The “best friend” parenting style of the 80′s gave birth to the “helicopter parent” so prevalent today, and the hovering begins as early as the preschool years. Parents look over homework, help to complete it and sometimes just do it themselves because “it is too much” for Junior, or “he is too busy or tired to do it himself.”
When it comes time for college, they spare no expense and often take out a second mortgage on the family home just so Junior can attend a major university and avoid Community College. Junior lives on campus or at home with Mom and Dad still supplying financially to meet his every need and whim.
Now that college is done, Junior must find gainful employment in an appropriate amount of time, and if Mom and Dad lack the social network to “hook” him up with a job, then by golly they will scrounge the internet, filling out applications for approved companies and positions. Taking tours and sitting in on the interview process, these parents are a strong influence over any decision Junior makes about his employment.
To be a part of this monumental occasion is their given right, isn’t it? After all, they have invested their whole life into Junior and his future.
One interviewer discreetly revealed that if a prospective employee shows up with a parent the interview is still conducted but no matter how qualified the candidate, they are immediately removed from the running. On the flip side, there are some businesses who feel very strongly that by having the family involved, the prospective employee once hired will be a harder worker, knowing that Mom and Dad are supporting them and counting on them to make them proud.
While we have been working the parents over in this situation, perhaps it is time to look at the children and understand their perspective. The Millennial Generation is said to have the closest relationship with their parents than any generation before them. It is attributed to parenting styles that include open communication, effective discipline and the amount of personal sacrifice today’s parents are willing to make for the happiness and future of their children.

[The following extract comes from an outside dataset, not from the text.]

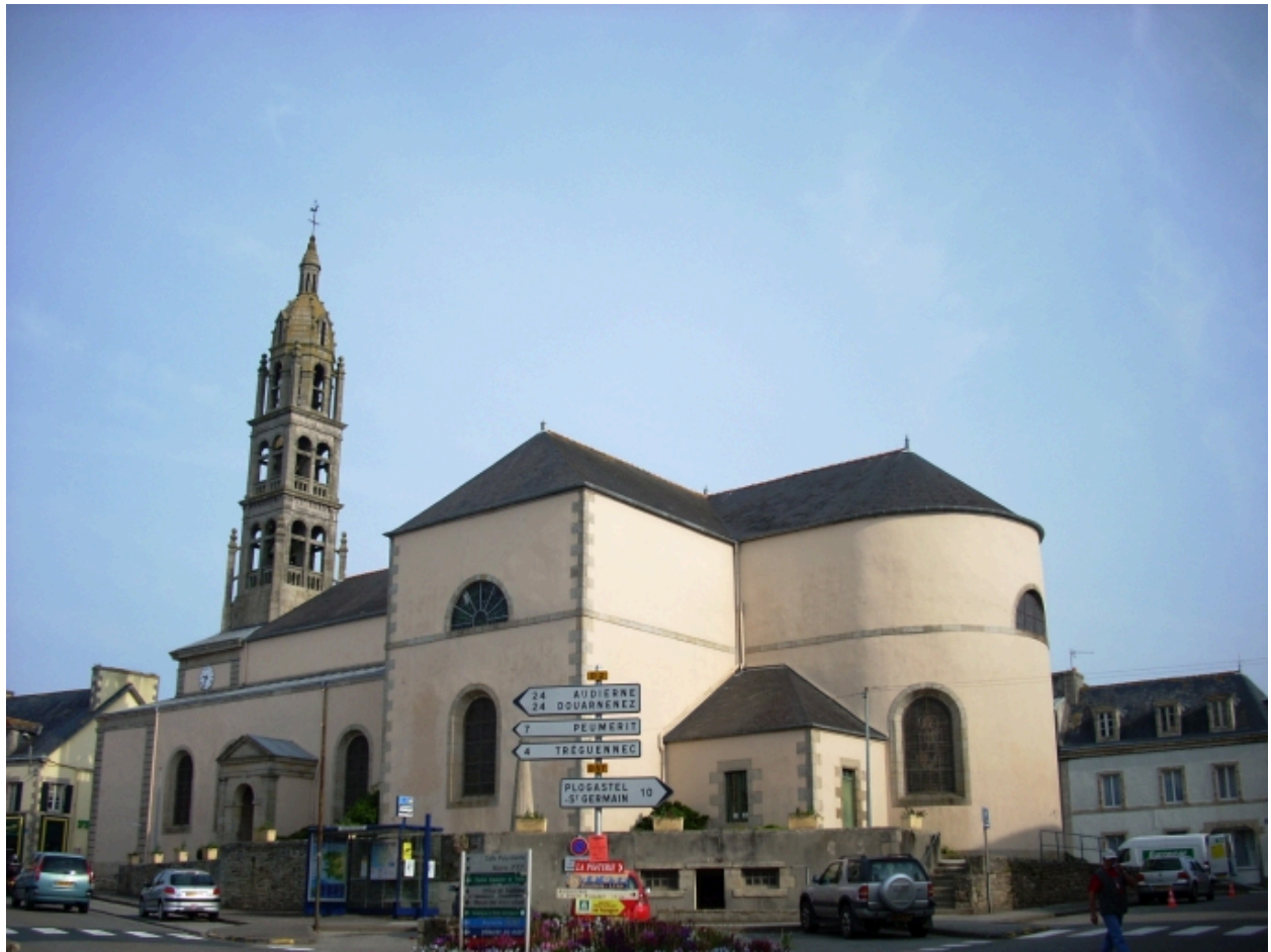
Plonéour-Lanvern, église paroissiale Saint-Eneour : vue générale sud-est
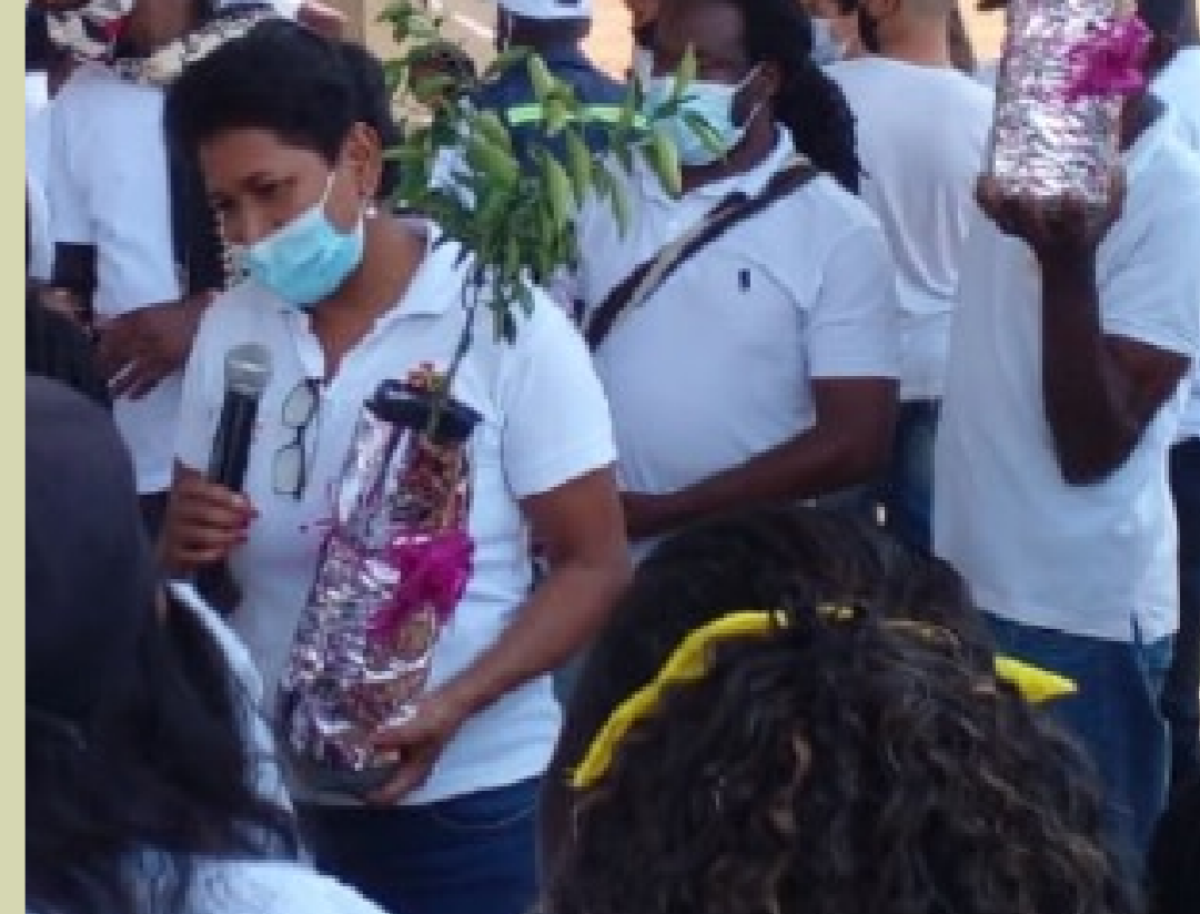
Deelname van partnerorganisatie aan een herdenkingsceremonie in het dorp Munchique, Colombia (2021)

In Colombia biedt Nederland financiële ondersteuning aan de Colombian Commission of Jurists (CCJ). De CCJ is een mensenrechtenorganisatie die bijdraagt aan de verbetering van veiligheids- en beschermingsmechanismen voor Colombiaanse mensenrechtenverdedigers (MRV's). Dit doen zij middels strategieontwikkeling voor procesvoering gericht op de bescherming en verdediging van land van boeren, inheemse volkeren en afro-gemeenschappen. Ook zorgt de organisatie voor meer zichtbaarheid van MRV's en sociale leiders op lokaal, nationaal en internationaal niveau en bevordert de CCJ de deelname van het maatschappelijk middenveld aan lokale en nationale instellingen die betrekking hebben op gerechtelijke vervolging, onderzoek naar en bestraffing van ernstige schendingen van MRV's. Zodoende draagt de organisatie bij aan versterking van de stem van MRV's in besluitvormingsprocessen van de Colombiaanse overheid en verbetering van het Colombiaanse rechtssysteem. Dit is van belang voor het tegengaan van mensenrechtenschendingen door bedrijfsactiviteiten.

Young people say they enjoy their parents attending the interview process with them because of their perspective and the fact that their very presence seems to place the interviewer in the hot seat. By changing the dynamics of what normally is a one-on-one interview to a group situation, these young adults are more relaxed and believe they actually interview better.
Given today’s economy and a young adult population with strong parental ties, companies are being forced to learn how best to accommodate each employee’s situation. Some have instituted a “Bring Mom and Dad to Work” day, while others allow parents to attend corporate functions, like company picnics and dinners.
Where will it stop?
In some families it doesn’t. There are cases of parents going along on their newly married children’s honeymoons, and of course we are all too familiar with stories of the over involved mother-in-law or grandparents.
Years ago, “helicopter parenting” was called meddling and it just boggles the mind to believe that it is now becoming an accepted practice. I am all for positive parenting and close relationships within a family, but the point of raising children is to give them the resources and opportunities to grow and eventually be able to provide for themselves and perhaps a family of their own; so that they can be happy as adults and contribute to society in a positive way.
In other words; feed, nurture and release; for this is the cycle of life.